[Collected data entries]
====

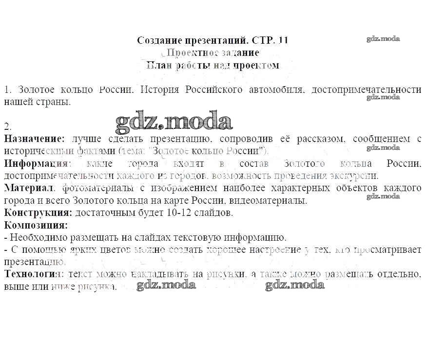 ОТВЕТ на задание № 11 Рабочая тетрадь по Технологии 4 класс Лутцева Школа России
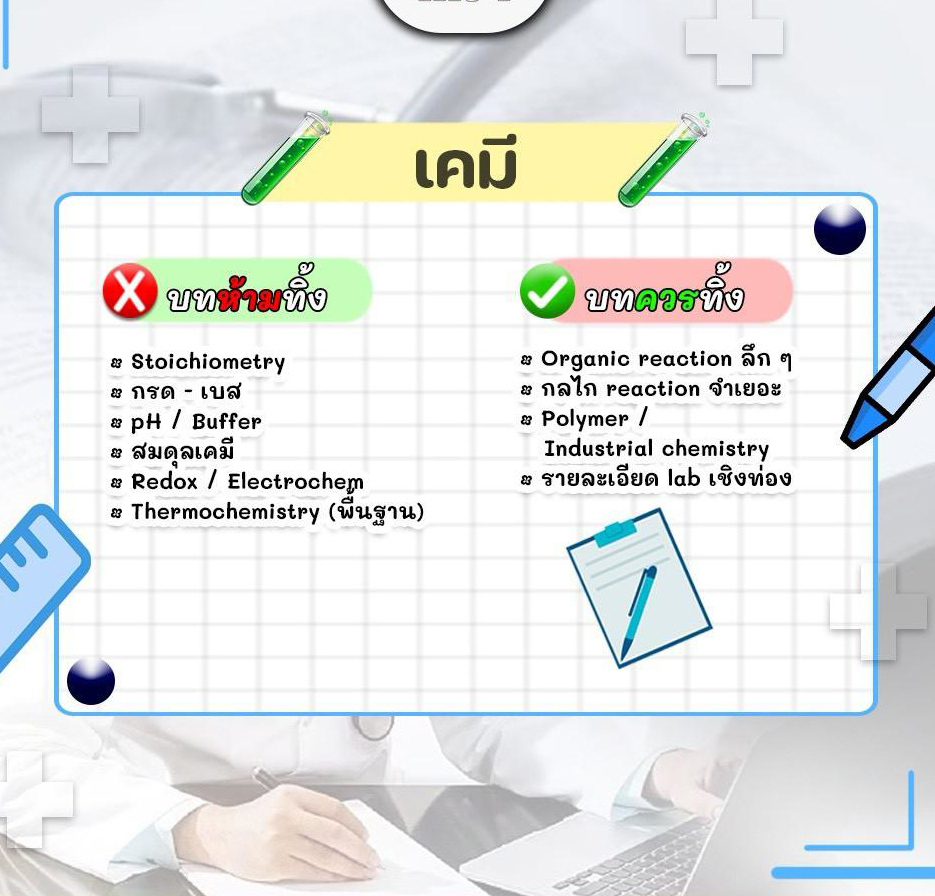 สรุป "ข้อสอบเคมี" สุดหิน! พิชิตสนามสอบตรงแพทย์รังสิต (Rangsit Med) ให้ได้คะแนนพุ่ง น้อง ๆ ว่าที่นักศึกษาแพทย์/ผู้ปกครองที่กำลังเตรียมตัวอยู่ ฟังทางนี้ค่ะ! การสอบเข้าคณะแพทยศาสตร์ ไม่ใช่แค่
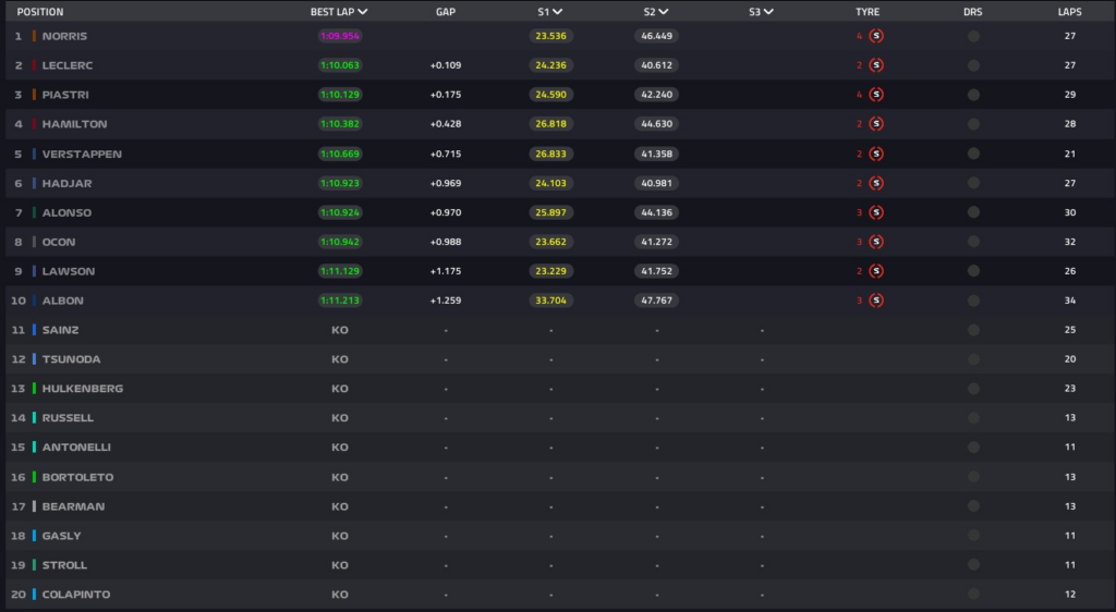 O segmento começou com Norris na ponta, tendo 0s1 de vantagem sobre Verstappen – Leclerc, em terceiro, calçava pneus médios ao invés dos tradicionais macios, assim como Albon, quarto; Hamilton, nono e Sainz, décimo. No entanto, uma falha elétrica fez Russell parar dentro do túnel a dez minutos da bandeirada; seu carro apagou após ele passar por um solavanco na saída da Sainte Devote.
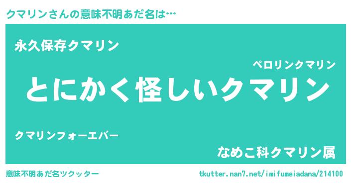 | 胡散臭い通販商品みたいなあだ名 | 『信頼と実績のネックレス…その名も「クマリン」』 |
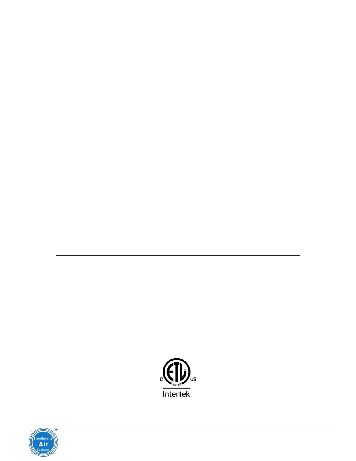 Bioclimatic Air Systems Representative for technical assistance.
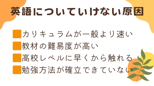 中高一貫校で英語についていけなくなる原因は、単に勉強不足だけではありません。中高一貫校独自のカリキュラムが英語学習のハードルを高くしているケースもあります。英語に苦手意識を持つ主な原因を見ていきましょう。
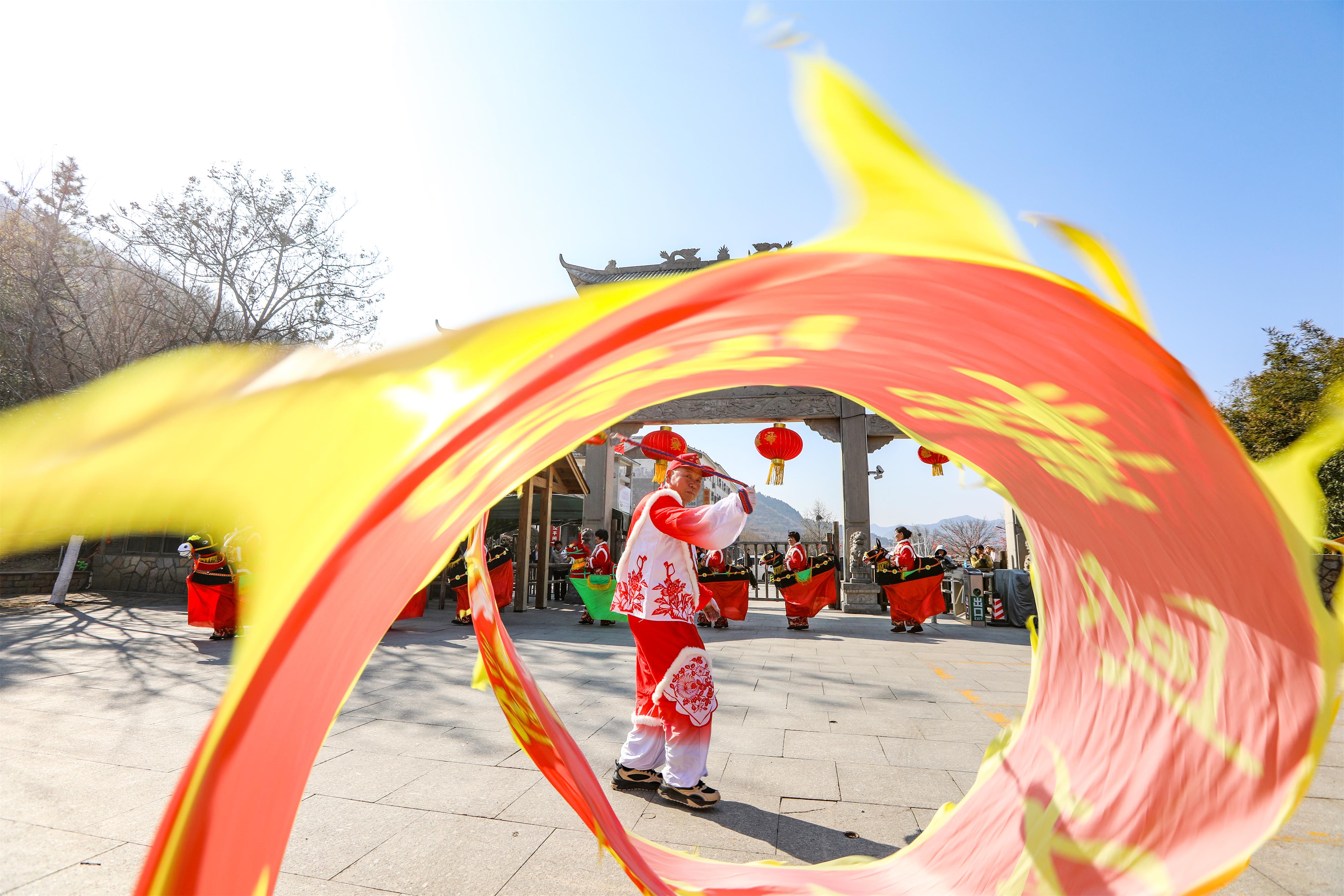 走进景区民俗体验区,锣鼓声、欢笑声交织成一片热闹的海洋。非遗舞龙、扭秧歌、小毛驴等传统表演轮番登场,表演者身着喜庆红装,踏着铿锵鼓点欢快起舞,将地道的山东民俗魅力展现得淋漓尽致。
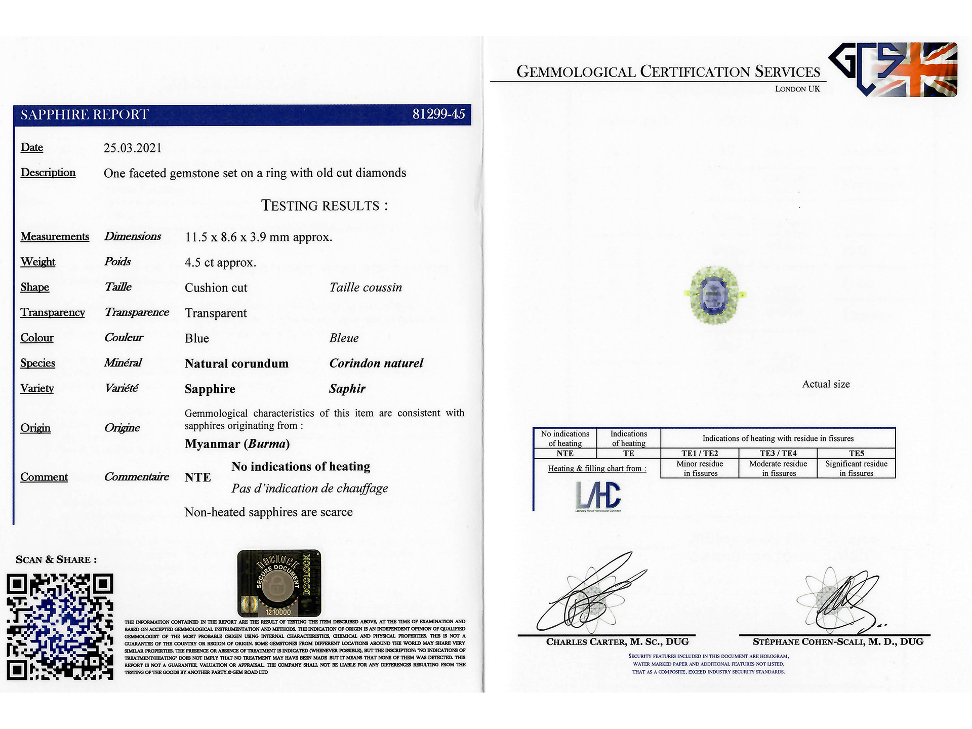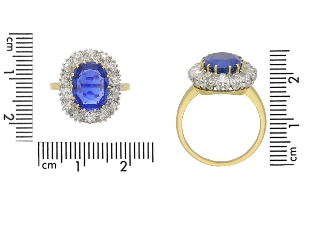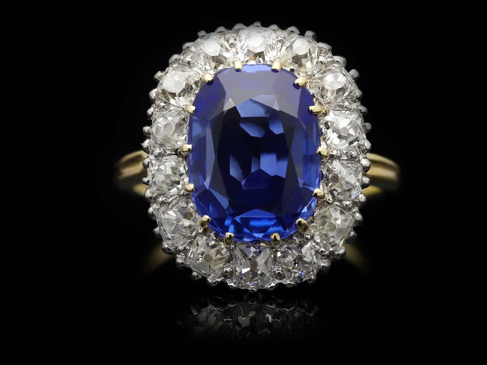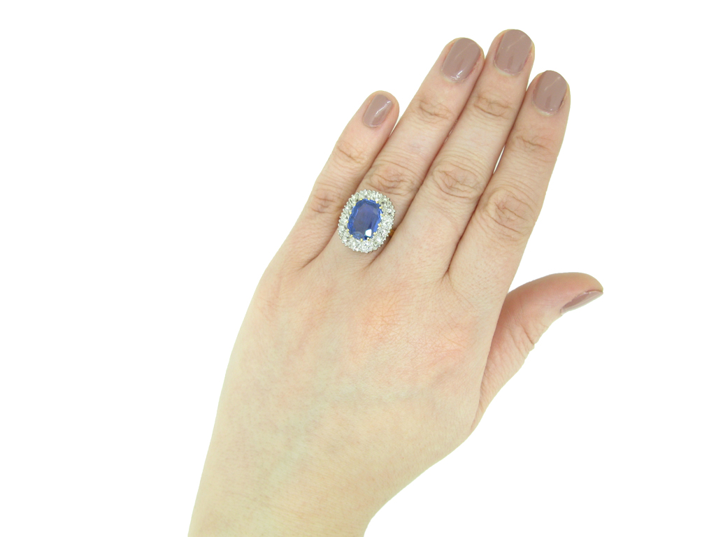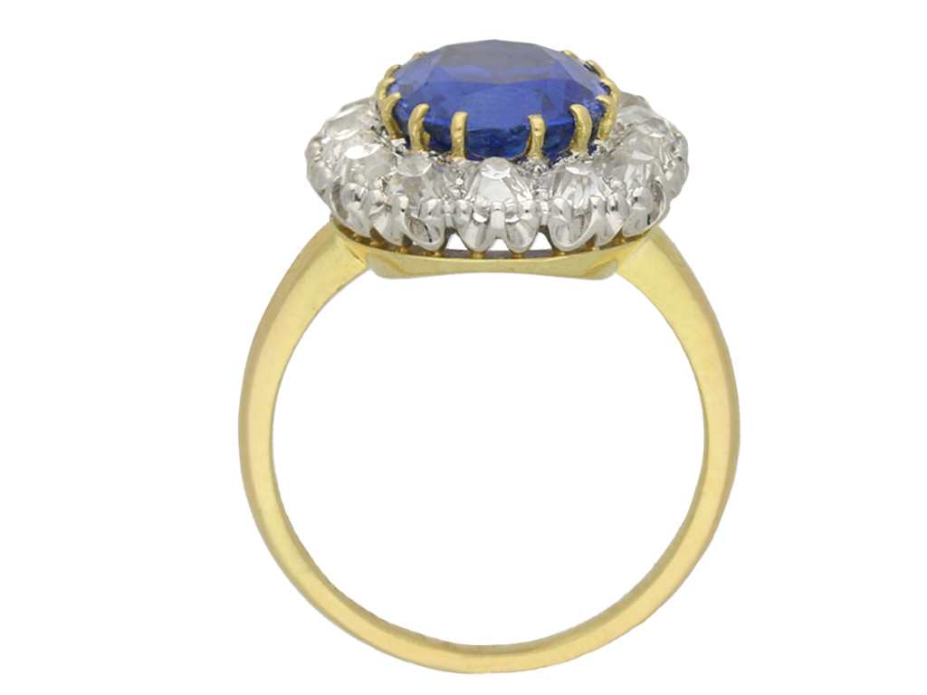 Edwardian Burmese sapphire and diamond cluster ring. Set to the centre with a cushion shape old cut natural and unenhanced Burmese sapphire in an open back claw setting with an approximate weight of 4.50 carats, further set with fifteen cushion shape old mine diamonds in open back grain settings with a combined approximate weight of 2.00 carats, to an elegant coronet cluster design featuring curving claws, intricately pierced gallery and fancy shape open back holing, flanked by trumpeting shoulders with grooved detailing, flowing through to a solid tapering shank. Marked 18 carat yellow gold and platinum, English, circa 1910, accompanied by Gemmological Certification Services report #81299-45.
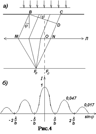 Пусть параллельный пучок монохроматического света падает нормально на непрозрачный экран, в котором прорезана узкая щель ВС, имеющая постоянную ширину b и длину l>>b (см. рис.4,а). Оптическая разность хода между крайними лучами ВМ и CN, идущими от щели под углом j к оптической оси линзы OF0 D= CD = b sin j.
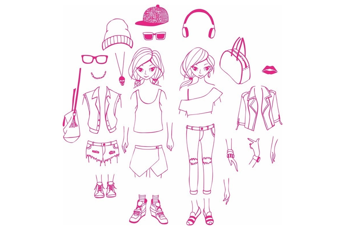 – 28 stempli (części ciała, elementy ubioru, dodatki) oraz 1 pojemniczek z tuszem.

====

From the records above, extract the lines from the one holding "Bioclimatic Air Systems" through the one holding "Edwardian Burmese sapphire", word for word; omit the pictures.

▸ Exercise result
 Bioclimatic Air Systems Representative for technical assistance.
 中高一貫校で英語についていけなくなる原因は、単に勉強不足だけではありません。中高一貫校独自のカリキュラムが英語学習のハードルを高くしているケースもあります。英語に苦手意識を持つ主な原因を見ていきましょう。
 走进景区民俗体验区,锣鼓声、欢笑声交织成一片热闹的海洋。非遗舞龙、扭秧歌、小毛驴等传统表演轮番登场,表演者身着喜庆红装,踏着铿锵鼓点欢快起舞,将地道的山东民俗魅力展现得淋漓尽致。
 Edwardian Burmese sapphire and diamond cluster ring. Set to the centre with a cushion shape old cut natural and unenhanced Burmese sapphire in an open back claw setting with an approximate weight of 4.50 carats, further set with fifteen cushion shape old mine diamonds in open back grain settings with a combined approximate weight of 2.00 carats, to an elegant coronet cluster design featuring curving claws, intricately pierced gallery and fancy shape open back holing, flanked by trumpeting shoulders with grooved detailing, flowing through to a solid tapering shank. Marked 18 carat yellow gold and platinum, English, circa 1910, accompanied by Gemmological Certification Services report #81299-45.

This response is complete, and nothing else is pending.